● Record excerpts:
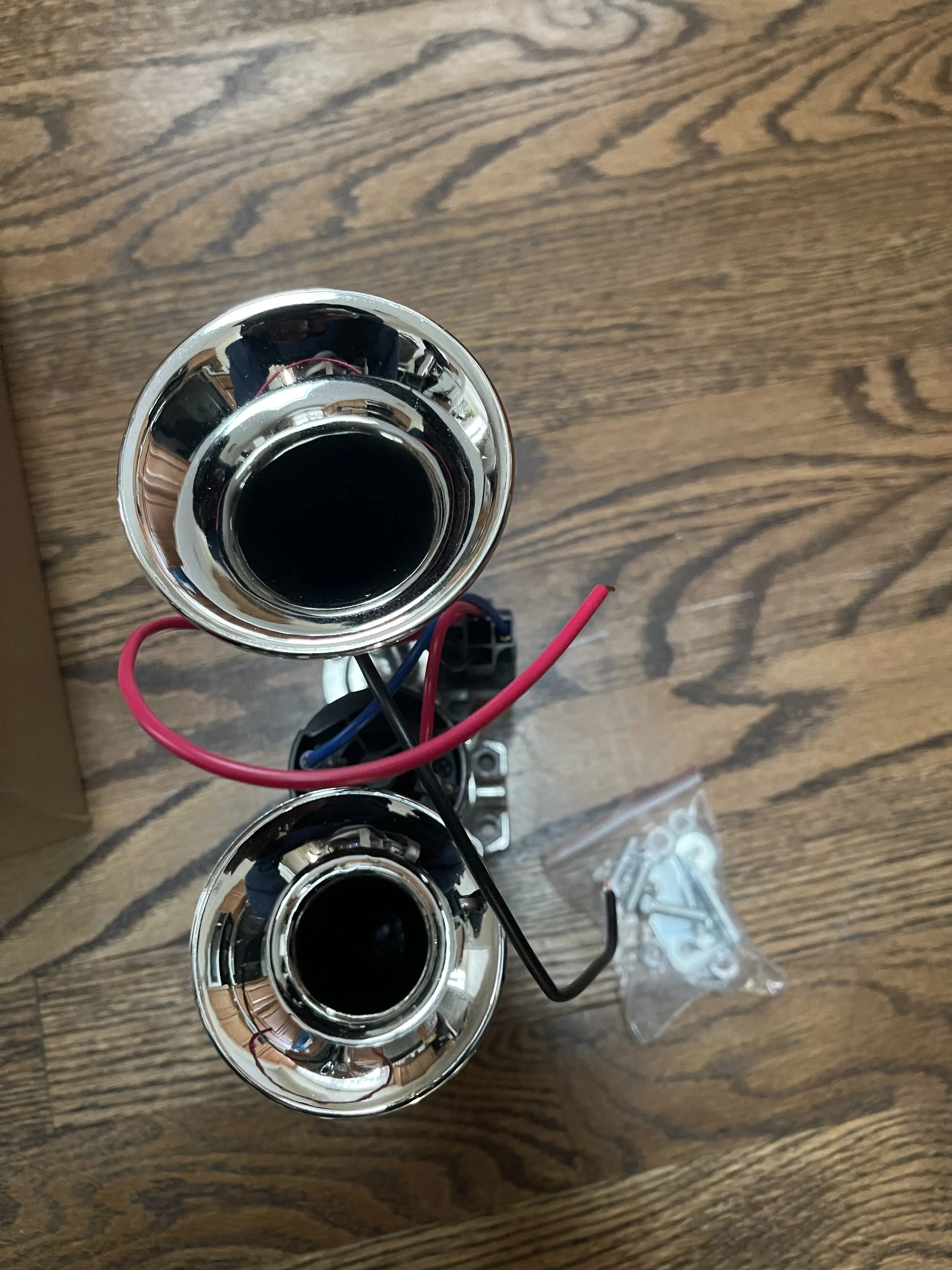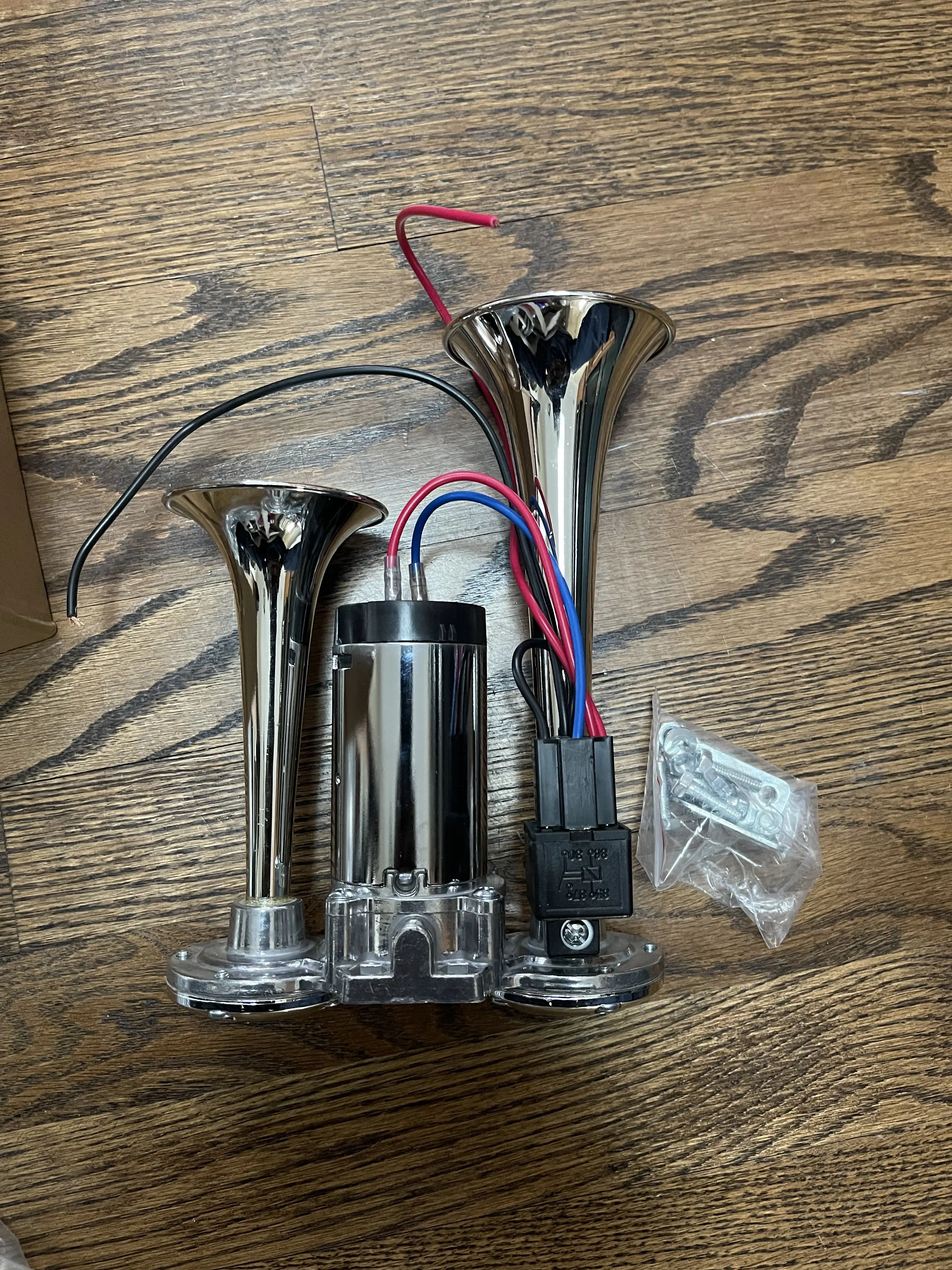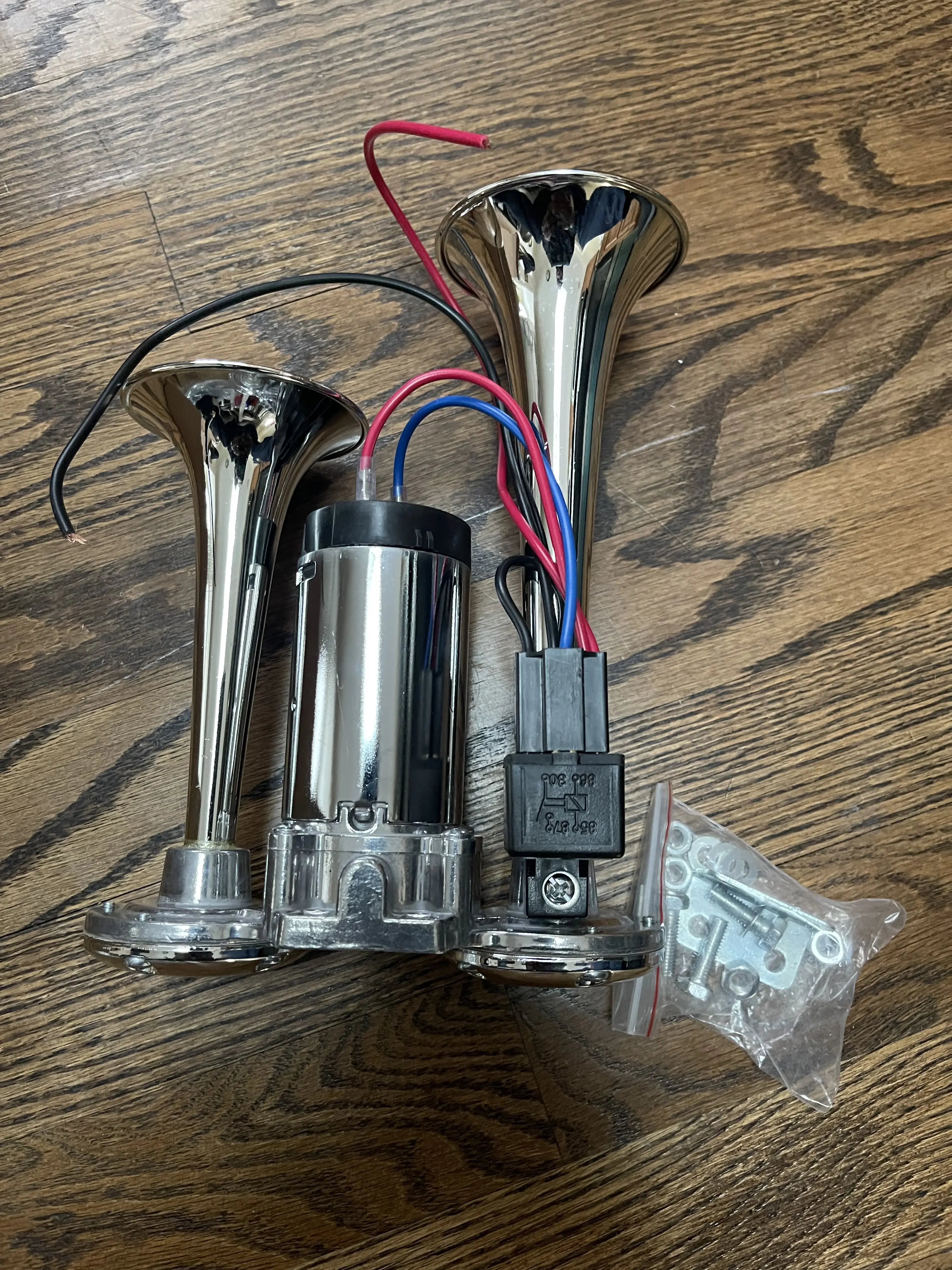 Powerful and loud double trumpet air horn. Comes with compresor attached. Very easy to install.
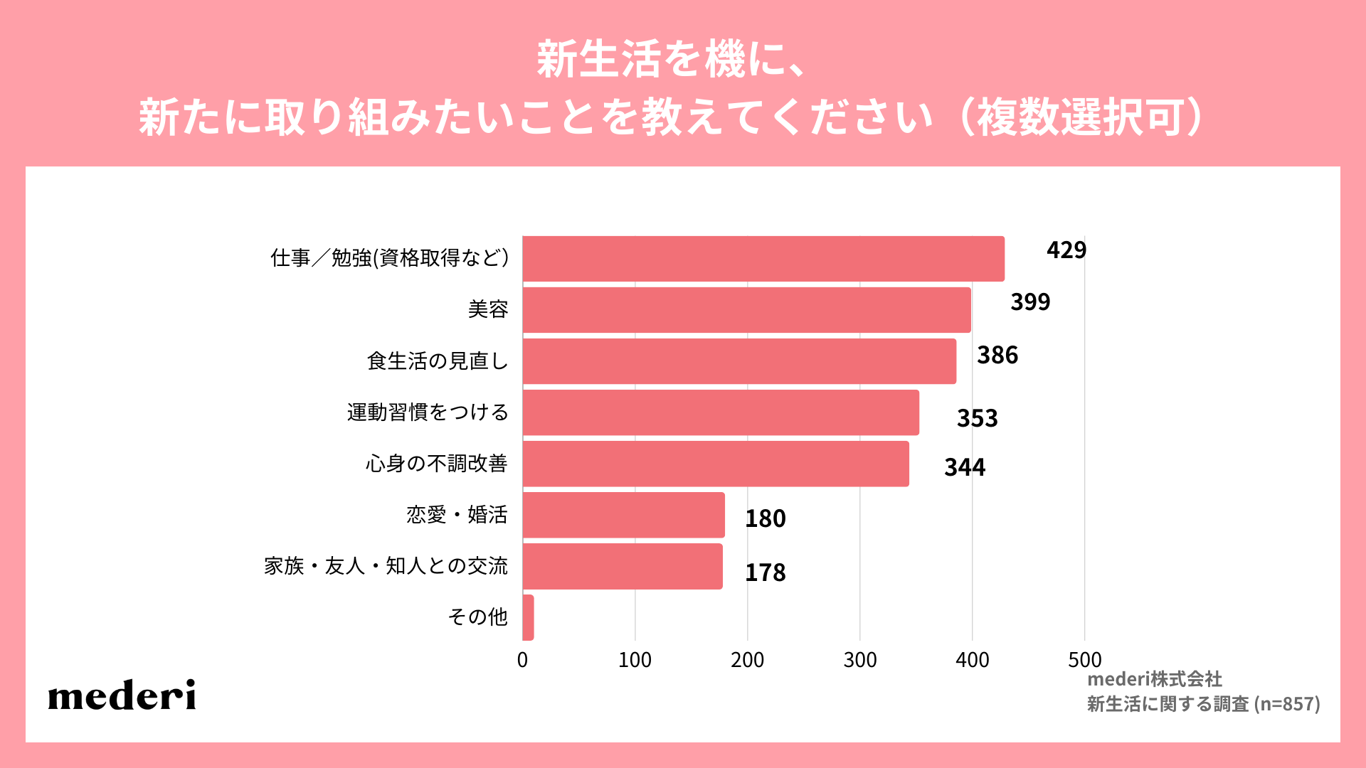 ①新生活を機に新たに取り組みたいことは、1位:仕事/勉強(429名)、2位:美容(399名)に次いで、3位:食生活の見直し(386名)や4位:運動習慣をつける(353名)、5位:心身の不調改善(344名)。
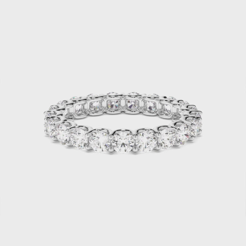 This stunning custom-made eternity ring features a full band of round brilliant cut diamonds set on an 18ct gold or platinum band. Exuding fluidity in its line work, and boasting an elegant silhouette, as with all the pieces in our Bespoke Collection, this piece is made especially for you.
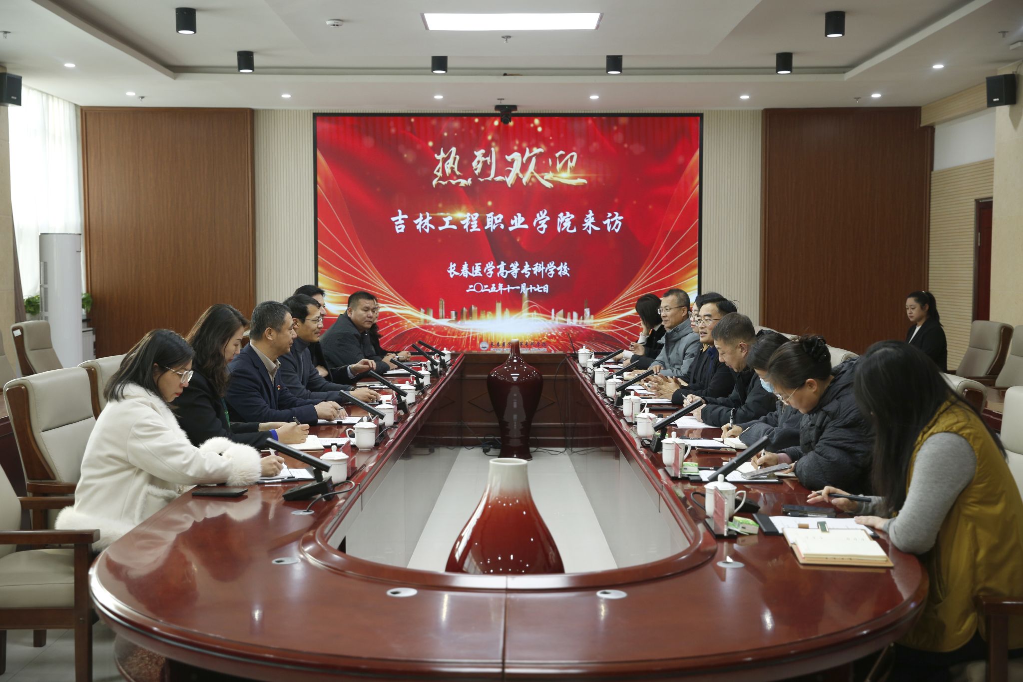 11月17日上午,吉林工程职业学院副校长沈成君率队一行7人莅临我校,围绕职业教育高质量发展核心议题开展专题调研交流。学校校长袁兆新、副校长刘洋及相关部门负责人热情接待调研团,双方在善教楼二楼会议室举行座谈交流。
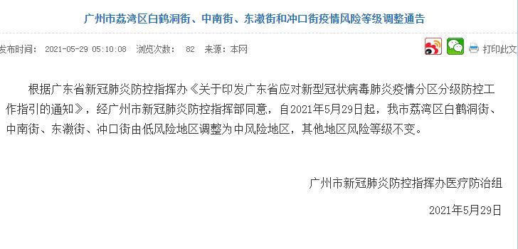 中新网5月29日电 29日,据广州市卫健委网站消息,根据广东省新冠肺炎防控指挥办《关于印发广东省应对新型冠状病毒肺炎疫情分区分级防控工作指引的通知》,经广州市新冠肺炎防控指挥部同意,自2021年5月29日起,广州市荔湾区白鹤洞街、中南街、东漖街、冲口街由低风险地区调整为中风险地区,其他地区风险等级不变。(完)
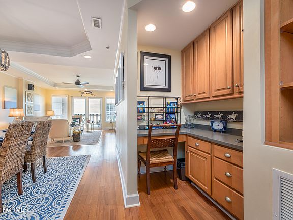 Check out this immaculate luxurious 2 Bedroom/2 Bath condo with deeded covered gated parking space is within steps to Historic Downtown, Riverwalk, restaurants, shopping, & museums. This inviting open concept split floor plan features a gourmet kitchen w/ granite countertops/stainless steel appliances/pantry/high bar overlooking the dining room and computer workstation nook w/ cabinetry and built ins. The spacious living room leads out to your covered terrace where you can relax and enjoy the Carolina sunsets and sweeping city views. The owners suite features trey ceiling, walk-in closet, & en suite bathroom w/ dual vanities, soaking tub, & tiled walk-in shower. The guest bathroom features an expansive countertop, tiled tub/shower combo. The cozy guest bedroom has crown molding. There are trey ceilings, canned lighting, crown molding, wood flooring throughout the primary living areas. There is also a storage closet adjacent to the unit. HOA amenities include coded entry into the building, doorman M-F, elevator, dog run, cable, water, sewer, master insurance, exterior maintenance, common area maintenance. Schedule your showing today! The HOA does not permit Airbnb rentals.

● Prompt: Using the material above, restate word for word the lines from the line that has "中新网5月29日电 29日,据广州市卫健" to the last line, inclusive, with pictures omitted.

● Answer to the problem:
 中新网5月29日电 29日,据广州市卫健委网站消息,根据广东省新冠肺炎防控指挥办《关于印发广东省应对新型冠状病毒肺炎疫情分区分级防控工作指引的通知》,经广州市新冠肺炎防控指挥部同意,自2021年5月29日起,广州市荔湾区白鹤洞街、中南街、东漖街、冲口街由低风险地区调整为中风险地区,其他地区风险等级不变。(完)
 Check out this immaculate luxurious 2 Bedroom/2 Bath condo with deeded covered gated parking space is within steps to Historic Downtown, Riverwalk, restaurants, shopping, & museums. This inviting open concept split floor plan features a gourmet kitchen w/ granite countertops/stainless steel appliances/pantry/high bar overlooking the dining room and computer workstation nook w/ cabinetry and built ins. The spacious living room leads out to your covered terrace where you can relax and enjoy the Carolina sunsets and sweeping city views. The owners suite features trey ceiling, walk-in closet, & en suite bathroom w/ dual vanities, soaking tub, & tiled walk-in shower. The guest bathroom features an expansive countertop, tiled tub/shower combo. The cozy guest bedroom has crown molding. There are trey ceilings, canned lighting, crown molding, wood flooring throughout the primary living areas. There is also a storage closet adjacent to the unit. HOA amenities include coded entry into the building, doorman M-F, elevator, dog run, cable, water, sewer, master insurance, exterior maintenance, common area maintenance. Schedule your showing today! The HOA does not permit Airbnb rentals.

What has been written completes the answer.